Os minutos iniciais da primeira parte foram de futebol aberto, de parte a parte, com ambas as equipas a tentarem chegar às balizas adversárias, com alguns remates perigosos que animaram o público.

O Marítimo, a precisar de pontos como de pão para a boca, não se encolheu e Beltrame testou os reflexos de Ricardo Batista que respondeu com uma grande defesa para canto.

Ambas as equipas foram apostando amiúde em passes logos, de forma a explorar a profundidade, obrigando as linhas defensivas a atenções redobradas para não serem apanhadas em contrapé.

O Marítimo teve algum ascendente e maior volume ofensivo, mas o Casa Pia soube defender-se e quando teve oportunidade respondeu bem.
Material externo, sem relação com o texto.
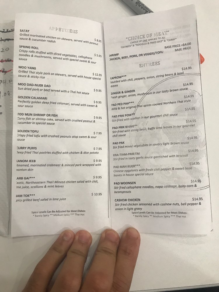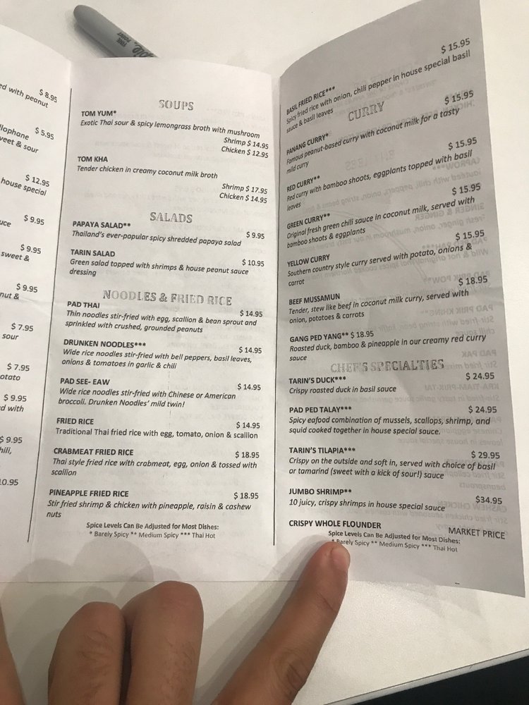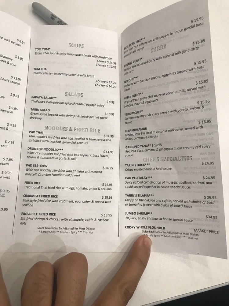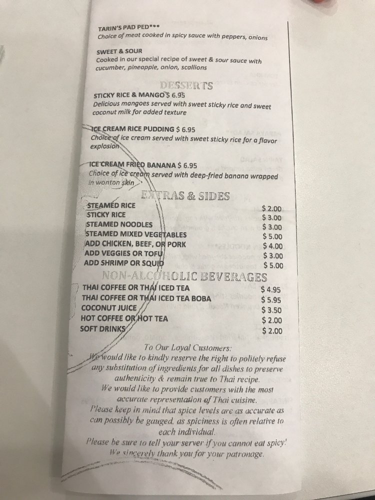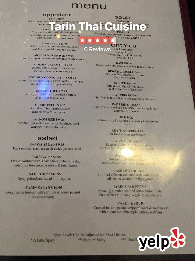 Tarin Thai Cuisine Menu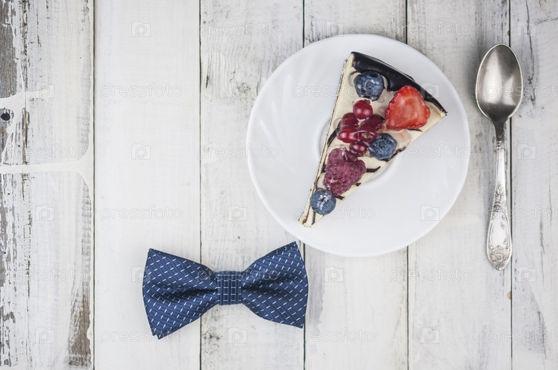 Смешайте ягодный торт на белой тарелке с бабочкой на деревянном фоне С Днем отца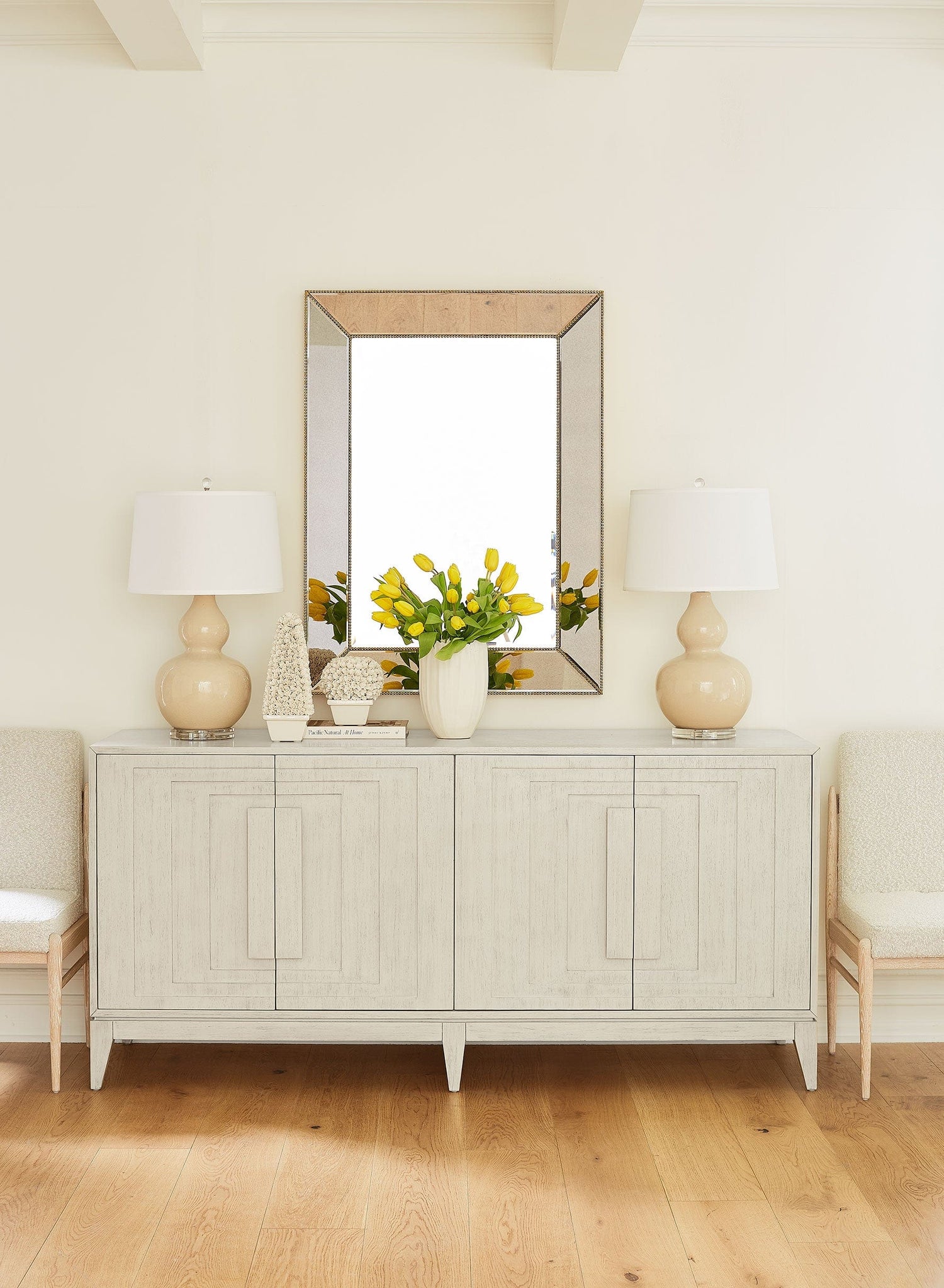 Sleek and sophisticated, the Cooper 4-Door Cabinet blends modern design with intricate craftsmanship. Its symmetrical and geometric woodwork seamlessly integrates the pulls for a clean look. Finished in Sailcloth Sheen, its clean lines and sculptural detail make a statement, while its sturdy construction ensures lasting style and function.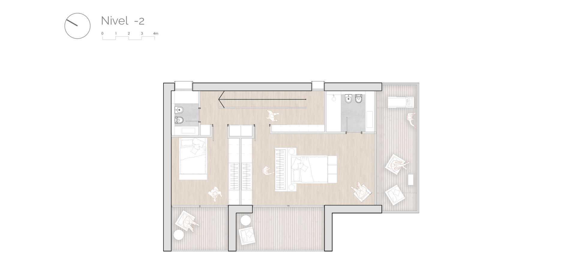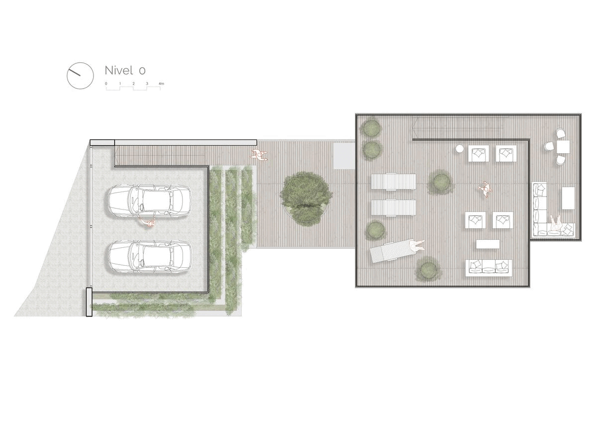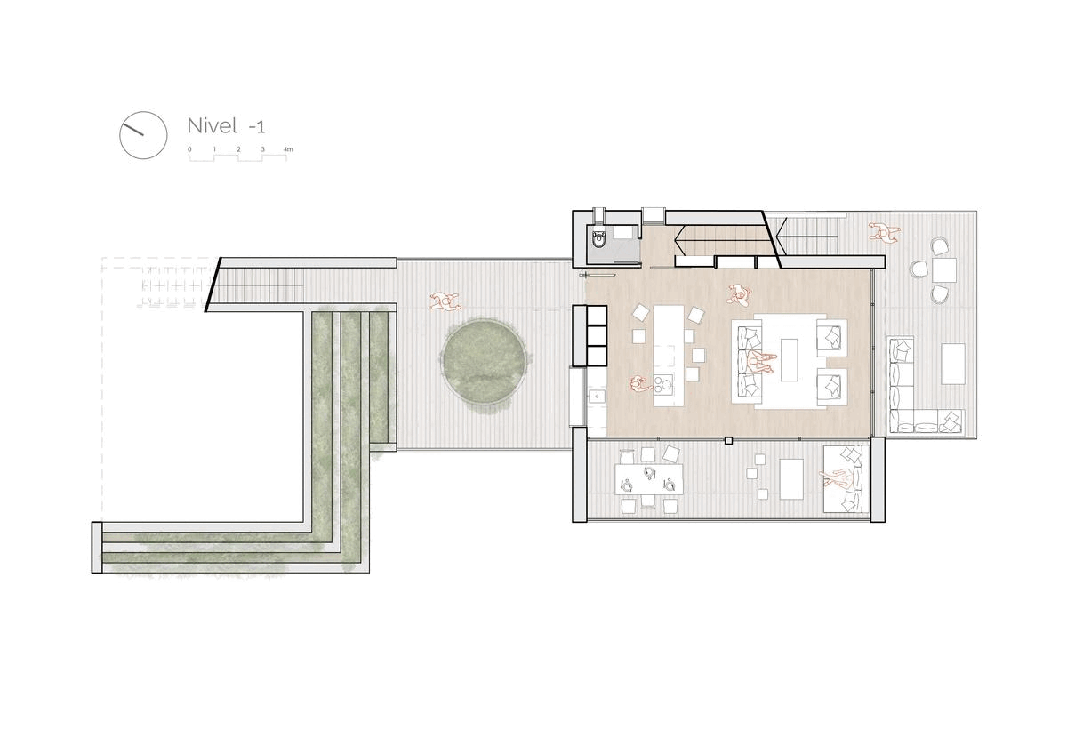 On the lower level, with an exit at the foot of the lot, more direct relations with the exterior are established.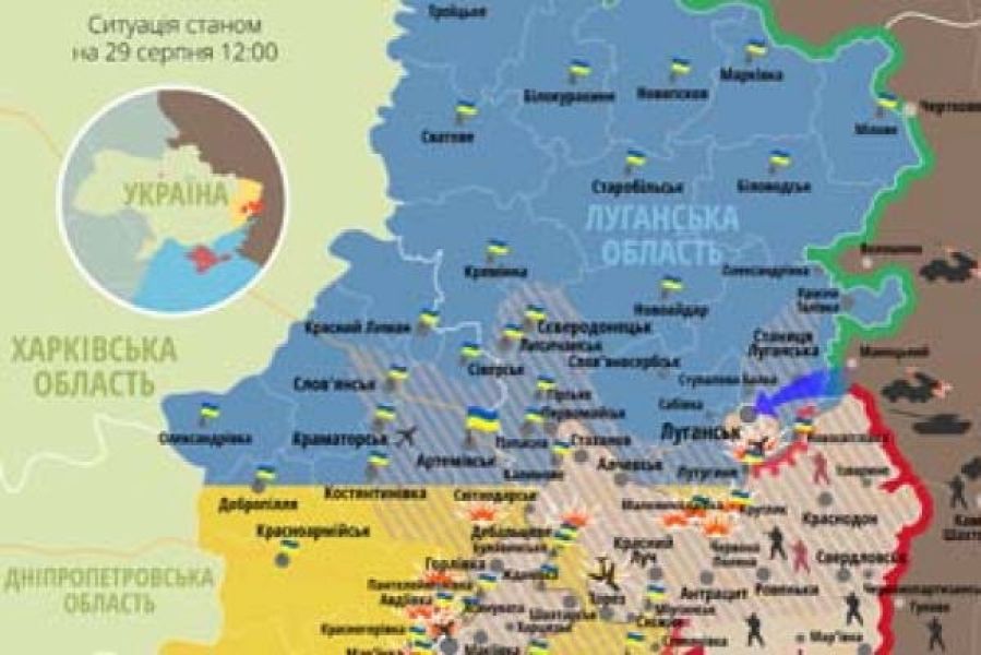 Актуальная карта боевых действий в зоне АТО по состоянию на 29 августа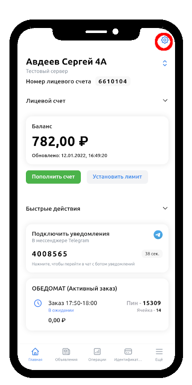 - Из любой страницы приложения следует нажать на кнопку настроек вверху экрана: изображение
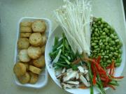 将各式材料洗净,金针菇切去根部,香菇切片,青红辣椒切丝,葱切段。
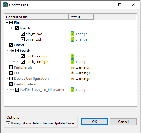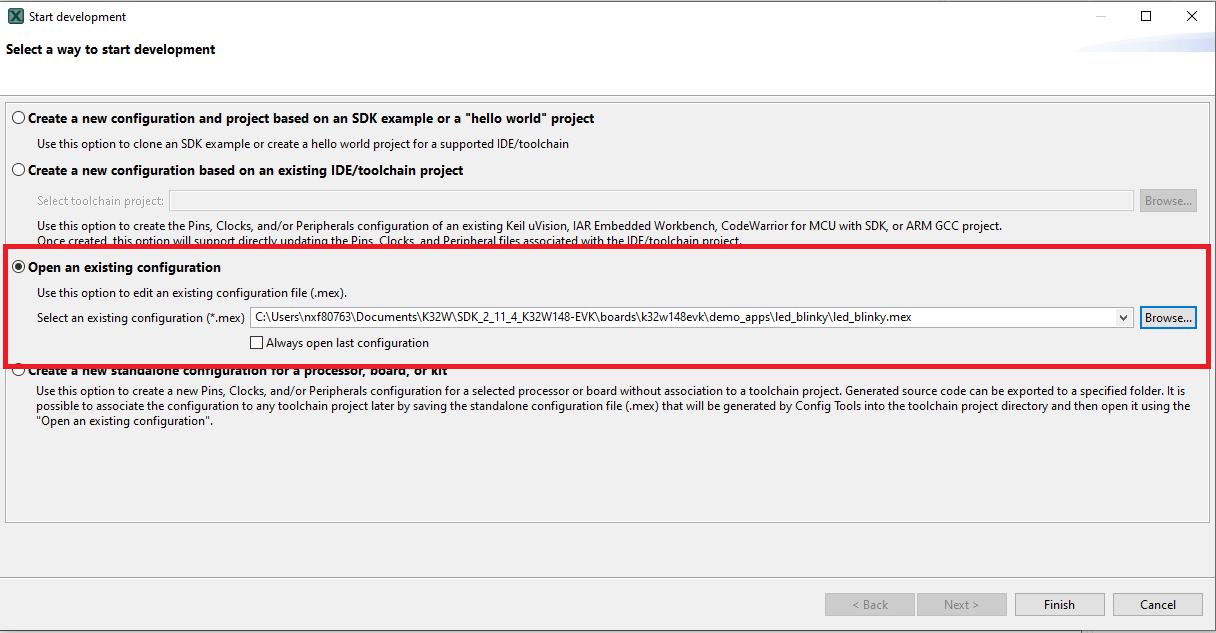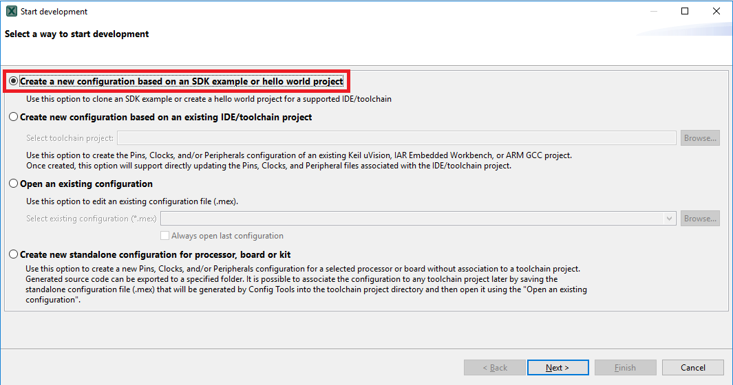 オプションB:MCUXpresso Config Toolsを使用して、サード・パーティ製IDEで使用するために既存のMCUXpresso SDKのサンプルのクローンを作成します。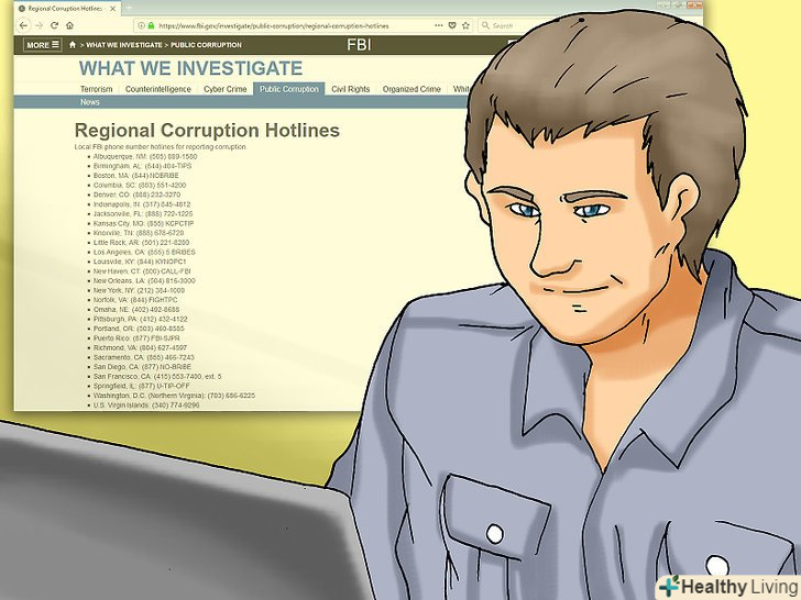 Щоб повідомити про факт корупції в організації, скористайтеся спеціальною гарячою лінією. якщо ви підозрюєте, що у вашій компанії є корупціонери, скористайтеся цією гарячою лінією, створеною в 2003 році у зв'язку з розслідуванням подій, пов'язаних з компанією Epson, і зателефонуйте за номером 1-888-622-0117. [8] до юрисдикції ФБР відноситься розслідування: [9]- Фальсифікації фінансових відомостей, підроблення даних, недобросовісна торгівля з метою роздути дохід або приховати збиток, тіньові транзакції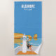 The Algarve region is famous for its amazing coastline and beautiful beaches with yellow rock cliffs and cave formations, warm crystal-clear waters, and bright sun. Tourists love the cliff-backed beaches, in the southern end of Portugal. It's a perfect holiday destination for beach lovers. Whitewashed architecture with Moorish-style doors and rooftops where old traditional chimneys are standing still is also an attraction. These decorative chimneys didn’t start appearing on houses until the late 17th and early 18th centuries. Some say they were a form to identify a house because they all look alike painted in white and a symbol of wealth. The more ornamented the richer the owner would be. Algarvian ornamental chimneys inspired this illustration created in vintage old poster travel style with simplicity and bright colours. If you have a friend, co-worker, teacher, or a relative of Portuguese nationality, they will undoubtedly appreciate it. If you want a souvenir of Portugal, this Algave-inspired design is ideal for you. And if you are planning a summer trip to the southern coast and can't stop thinking about what awaits you in the sun, maybe offering yourself a treat will feel good, too! All words are customisable. You can change the words, the font, the colours, place it elsewhere or remove it.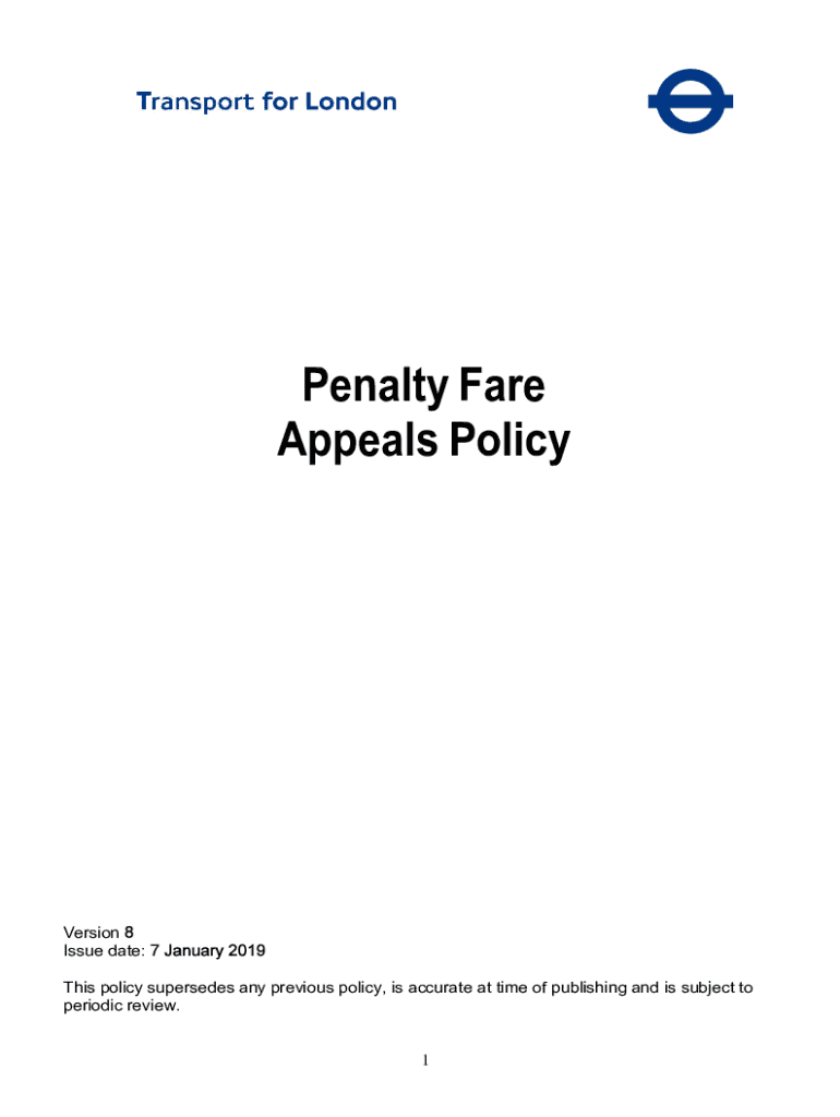 Penalty Fare Appeals PolicyVersion Issue date: This policy supersedes any previous policy, is accurate at time of publishing and is subject to periodic review. 1Penalty Fare Appeals Policy Contents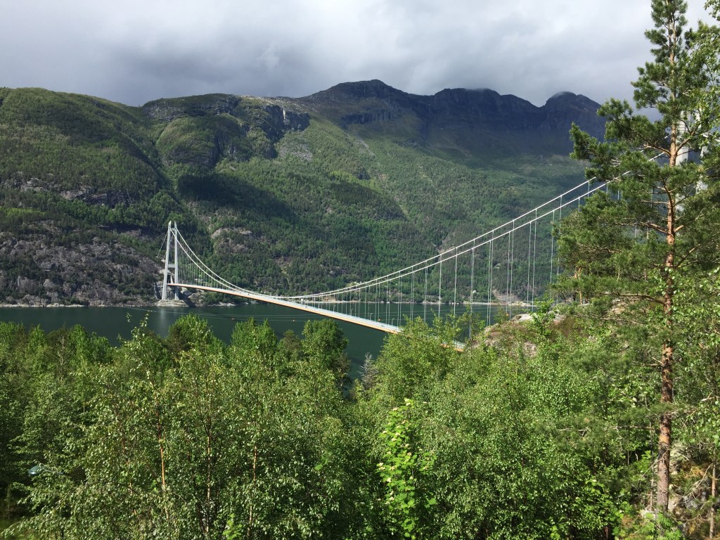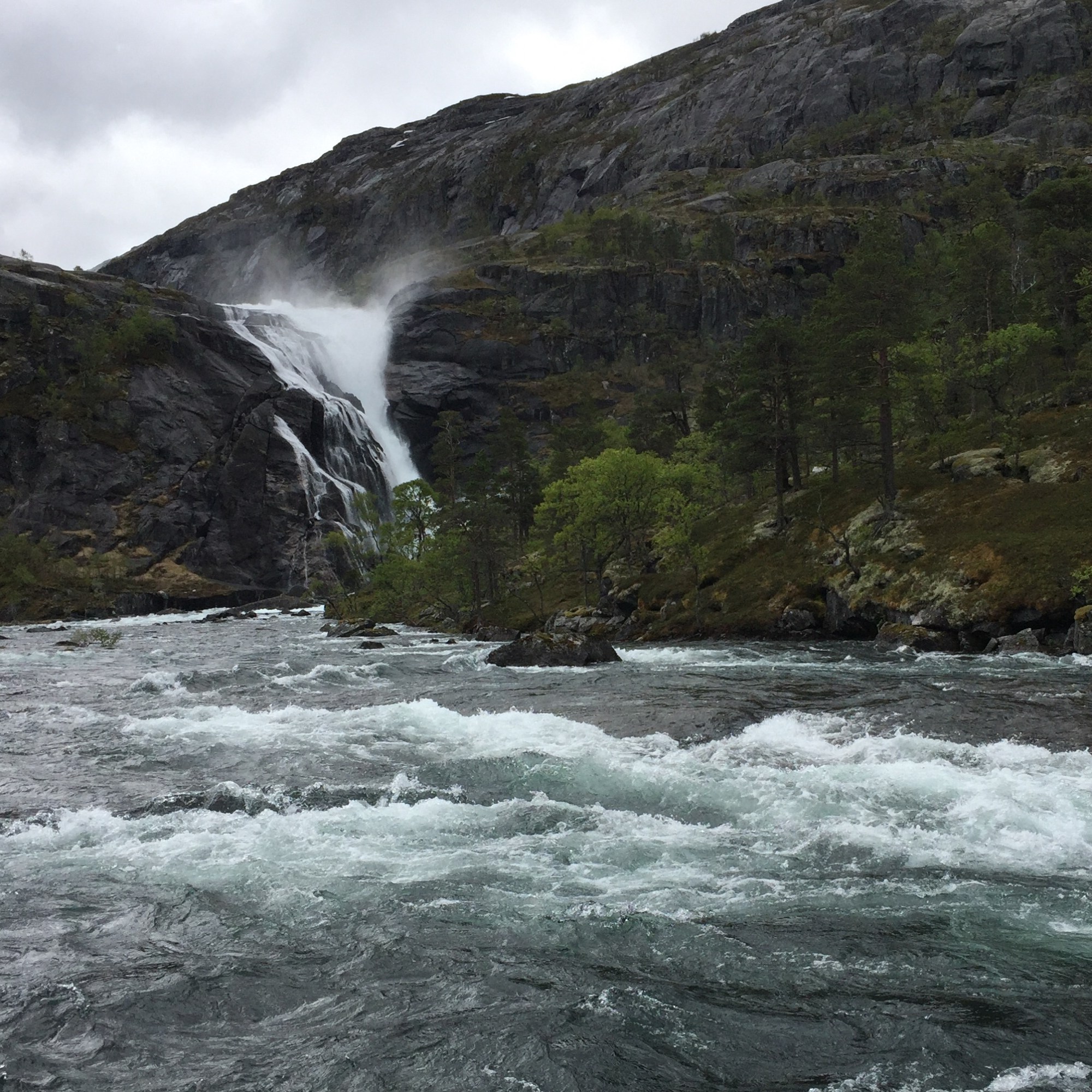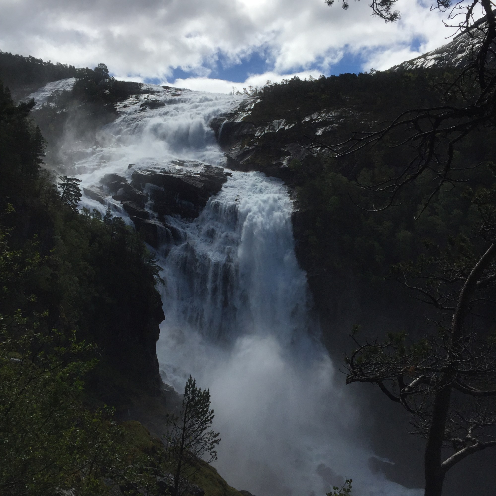 Gut ausgeschlafen und ohne Muskelkater geht es in Richtung Hardangerfjord. Die Landschaft wechselt unendlich schnell und nach einem der vielen Tunnels ist auf der linken Seite der Svandalsfossen. Es gibt einen kleinen Parkplatz mit schönem Blick auf den Saudafjord und eine gut ausgebaute Spazierstrecke den Wasserfall hinauf. Weiter geht es am Fjord entlang nach Sauda.

Primeiro num remate perigoso de Soma, defendido por Marcelo Carné. Depois, a abrir o marcador, com Felippe, a aproveitar um erro defensivo individual de Vítor Costa, com o defesa a fazer um passe atrasado para o guarda-redes, mas que Felippe aproveitou para isolar-se, desviar-se do guarda-redes e atirar para a baliza.

A primeira parte terminou com vantagem para o Casa Pia, 1-0, que foi mais eficaz, apesar do Marítimo ter tido mais de 60% de posse de bola e ter maior domínio.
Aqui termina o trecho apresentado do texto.